* [Exercise]: Print, exactly as they stand, the lines below from the one that has "A handmade pendant" to the one that has "Noch ist es", inclusive, leaving out the pictures.

[Data excerpts Boundary: Start]

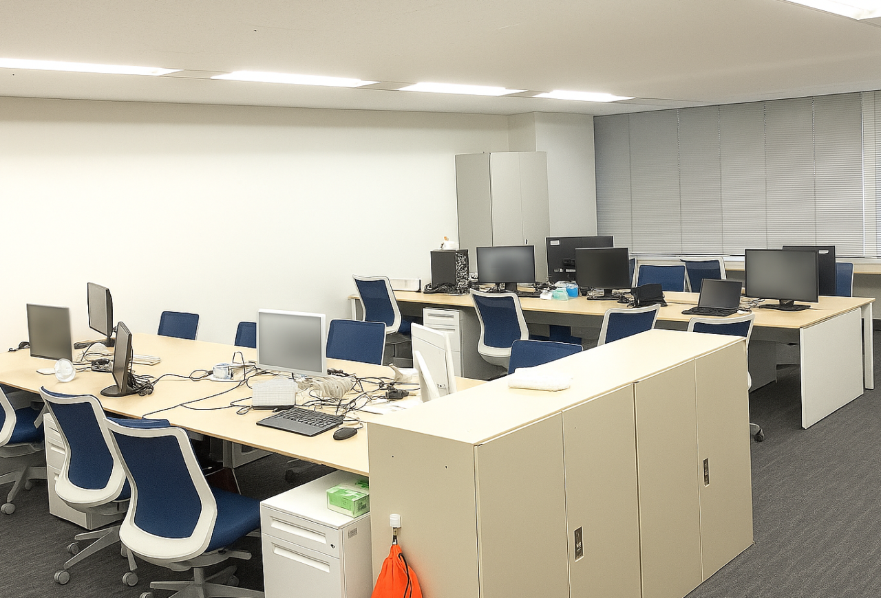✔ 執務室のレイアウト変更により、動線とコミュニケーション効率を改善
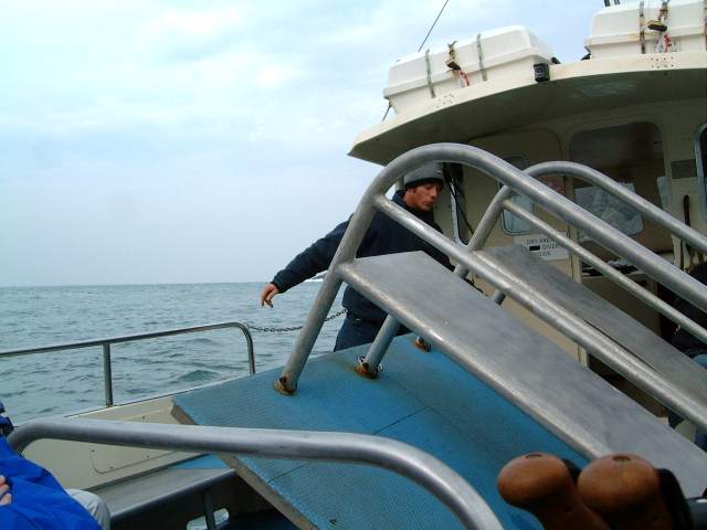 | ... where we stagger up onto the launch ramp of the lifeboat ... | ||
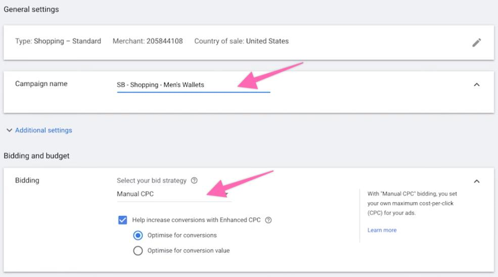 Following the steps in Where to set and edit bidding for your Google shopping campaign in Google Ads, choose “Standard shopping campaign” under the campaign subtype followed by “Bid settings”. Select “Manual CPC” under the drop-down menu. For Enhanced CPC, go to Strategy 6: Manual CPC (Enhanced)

[Data excerpts Boundary: End]
[Data excerpts Boundary: Start]

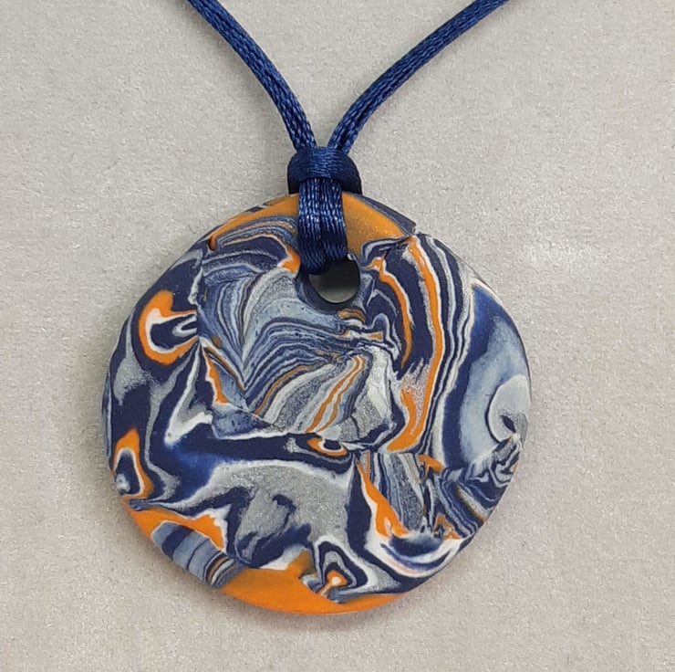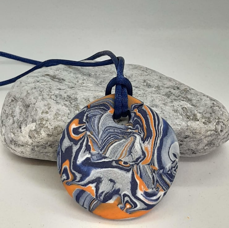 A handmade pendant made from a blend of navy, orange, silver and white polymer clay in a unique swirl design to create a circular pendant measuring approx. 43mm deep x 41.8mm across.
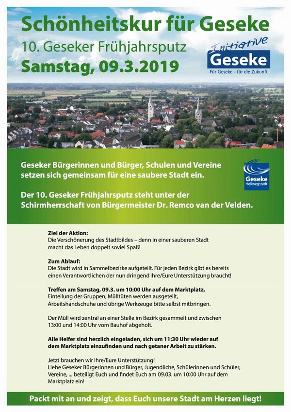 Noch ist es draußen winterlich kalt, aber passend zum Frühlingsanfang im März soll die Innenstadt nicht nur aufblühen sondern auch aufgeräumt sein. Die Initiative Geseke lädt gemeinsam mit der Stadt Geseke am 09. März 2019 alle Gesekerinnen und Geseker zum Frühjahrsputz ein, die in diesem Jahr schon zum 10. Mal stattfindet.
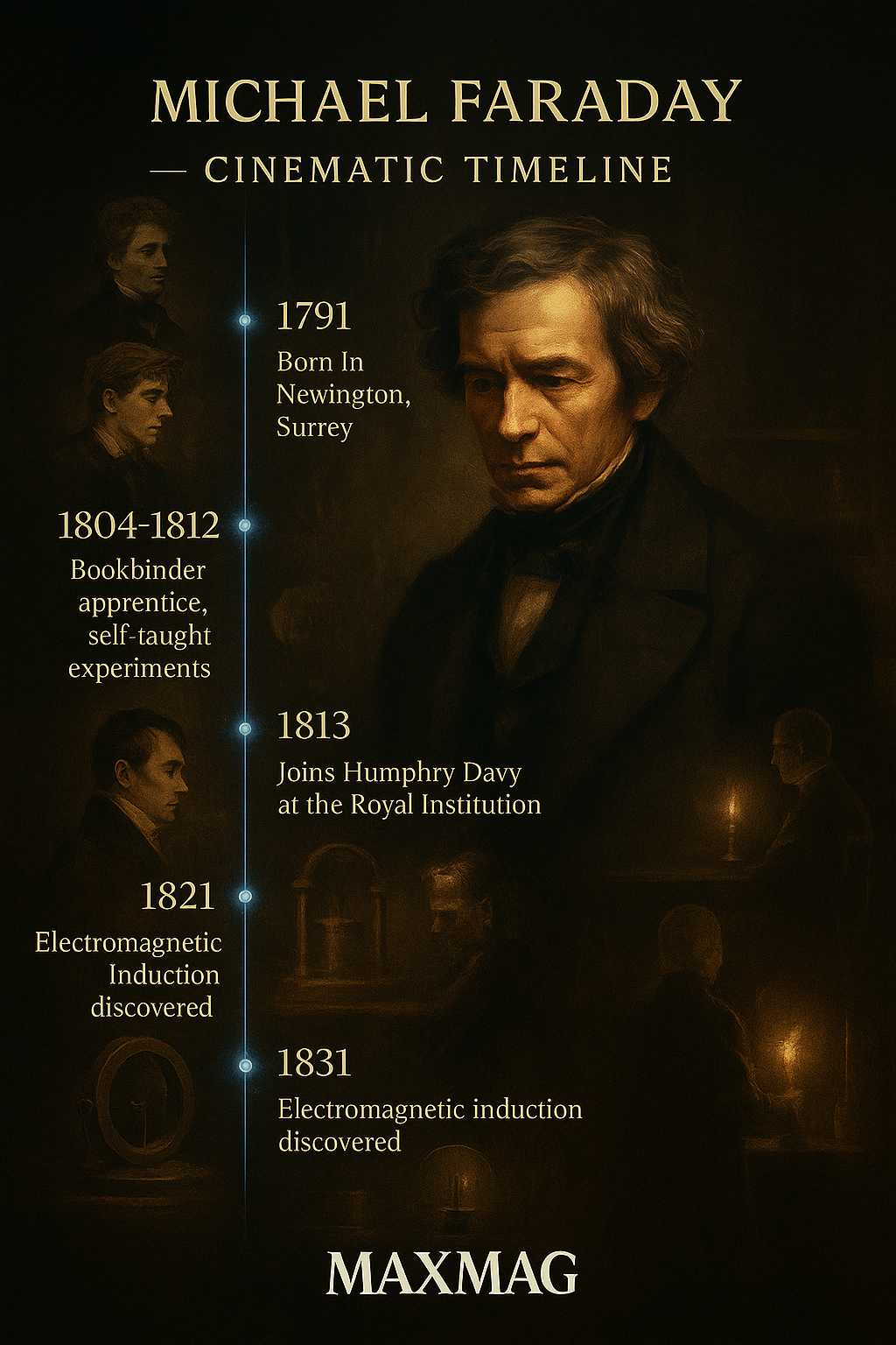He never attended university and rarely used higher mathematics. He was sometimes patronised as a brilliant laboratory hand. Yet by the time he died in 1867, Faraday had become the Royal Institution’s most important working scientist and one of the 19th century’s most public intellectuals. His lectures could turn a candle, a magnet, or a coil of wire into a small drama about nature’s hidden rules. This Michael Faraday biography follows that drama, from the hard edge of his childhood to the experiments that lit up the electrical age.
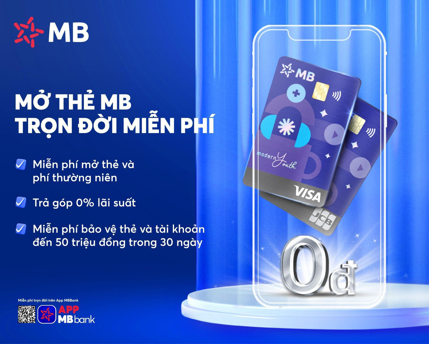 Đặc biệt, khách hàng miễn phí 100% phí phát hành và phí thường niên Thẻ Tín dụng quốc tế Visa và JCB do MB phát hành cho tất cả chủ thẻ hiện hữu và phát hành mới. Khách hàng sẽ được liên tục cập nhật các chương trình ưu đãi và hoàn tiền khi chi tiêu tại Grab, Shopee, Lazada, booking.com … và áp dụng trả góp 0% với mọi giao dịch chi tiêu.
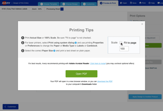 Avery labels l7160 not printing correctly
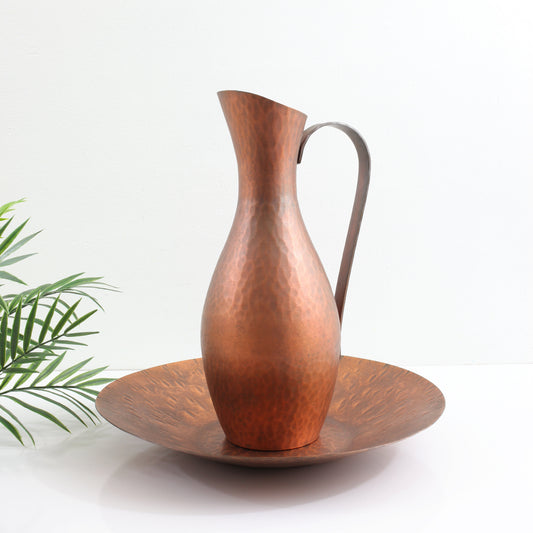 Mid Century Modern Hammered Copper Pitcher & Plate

[Data excerpts Boundary: End]

* [Result below]:
 A handmade pendant made from a blend of navy, orange, silver and white polymer clay in a unique swirl design to create a circular pendant measuring approx. 43mm deep x 41.8mm across.
 Noch ist es draußen winterlich kalt, aber passend zum Frühlingsanfang im März soll die Innenstadt nicht nur aufblühen sondern auch aufgeräumt sein. Die Initiative Geseke lädt gemeinsam mit der Stadt Geseke am 09. März 2019 alle Gesekerinnen und Geseker zum Frühjahrsputz ein, die in diesem Jahr schon zum 10. Mal stattfindet.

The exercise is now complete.